The example of high intervisibility (Fig. 4.8a) illustrates that all buildings have entrances and windows on the ground floor facing each other from both sides of the street. In contrast, the street with no intervisibility (Fig. 4.8b) has on the left side of the street entrances with no windows next to them. This is an example of a non-intervisible street because there are entrances with windows on only one side of the street. On the left side of this street, there are high fences leading to the back gardens of the buildings. Therefore, the intervisibility between the buildings in that street is lacking because there are buildings with doors and windows on the ground floor level on only one side of the street.

Fig. 4.8

Examples of streets with high intervisibility (a) and low intervisibility (b) in a neighbourhood in the Dutch town of Haarlem

No windows on the ground floor imply no ‘eyes on the street’ from the ground floor level. Often buildings of this kind tend to have storage space on the ground floor level, and behind the entrances, there are corridors leading up to the dwellings starting from the first floor. One problem with these kinds of entrances is that a group of youngsters tend to gather together along the walls lacking windows, and the walls tend to be used for graffiti or other kinds of vandalism or anti-social behaviour (Rueb and van Nes 2009). Likewise, no doors on the ground floor level imply no direct accessibility to interfere with the streetlife. Even though there might be windows on the ground floor level, the lack of entrances creates a distance between the activities inside the buildings and the public street.

The street intervisibility analysis was applied to the Dutch town of Gouda and superimposed with burglary data (van Nes and López 2010; see Fig. 4.9). This study revealed that intervisible streets that have buildings with doors and windows connected to both sides of the street prevent homes from being burgled. To generate a relative range of visibility, the number of intervisible houses was divided by the total number of houses for each streetsegment and multiplied by one hundred. The intervisibility range was then grouped as follows: (a) high: 100–81%, (b) medium-high: 80–61%, (c) medium: 60–41%, (d) medium-low: 40–21%, (e) low: 20–1%, and (f) none: 0%.

Fig. 4.9

Intervisibility analysis superimposed with burglary data for a neighbourhood in Gouda

The degree of density of houses and entrances with adjacent windows per streetsegment was not taken into account. As a reminder, a street with a high density of entrances with adjacent windows on only one side of the street segment has an intervisibility of zero. A high density of entrances with adjacent windows directly facing a street from only one side of a street segment can be an indicator of active streetlife, but not for the prevention of breaking and entering into buildings.

For Gouda, we can see that most burglaries from the front side occurred on streets with no intervisibility (Fig. 4.9). The homes intruded from the backside are located along streets with high intervisibility.

The intervisibility analysis is also applicable in the field of archaeology. Our example of Pompeii depicts various degrees of intervisibility for the excavated parts of the town (Fig. 4.10). In addition, we also conducted an entrance density analysis (Fig. 4.11). Comparing both analyses, we can see that most shops, bakeries, and taverns are located along streets that are both intervisible and have a high density of entrances.
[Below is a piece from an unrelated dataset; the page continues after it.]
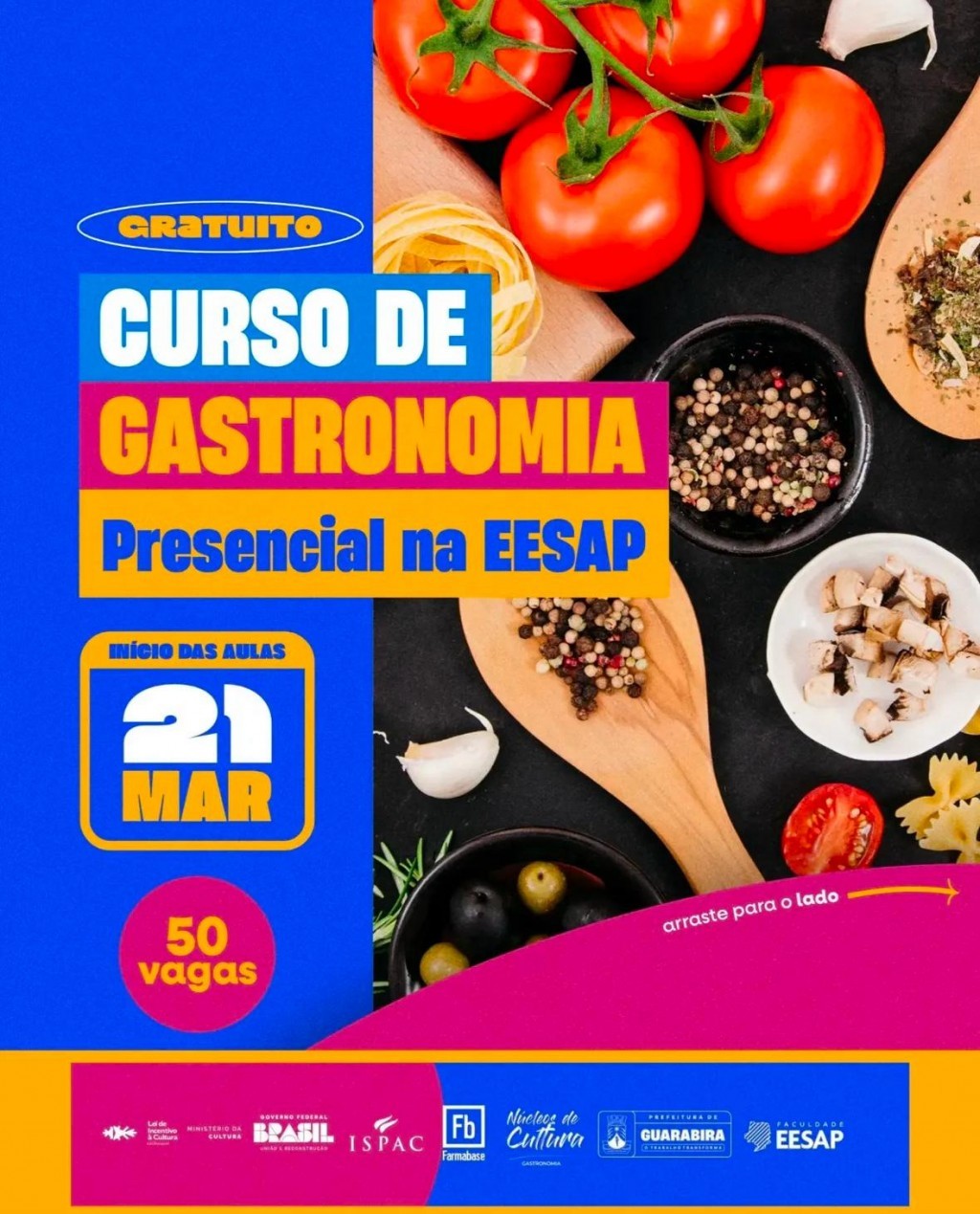 Estão abertas as inscrições para o curso gratuito de Gastronomia, oferecido pela Farmabase com apoio da Prefeitura de Guarabira. As aulas serão presenciais na Escola de Ensino Superior do Agreste Paraibano (EESAP) e começam no dia 21 de março.

The location of these functions was identified by archaeologists and recorded in detail by the German couple Liselotte and Hans Eschebach (Eschebach 1993).

Fig. 4.10

Analysis of various degrees of intervisibility for the town of Pompeii

Fig. 4.11

Analysis of entrance density for the town of Pompeii

4.4 The Topological Depth Between Private and Public Space

Often entrances to privatespacesare not directly linked to the adjacent public street. In many cases, several semi-public or semi-private spaces are located between the privatespace inside a building and the public space represented by the street. Semi-public and semi-private spaces are hybrid spaces. They can be, for example, front gardens and front yards of houses or entrance halls and corridors in apartment buildings.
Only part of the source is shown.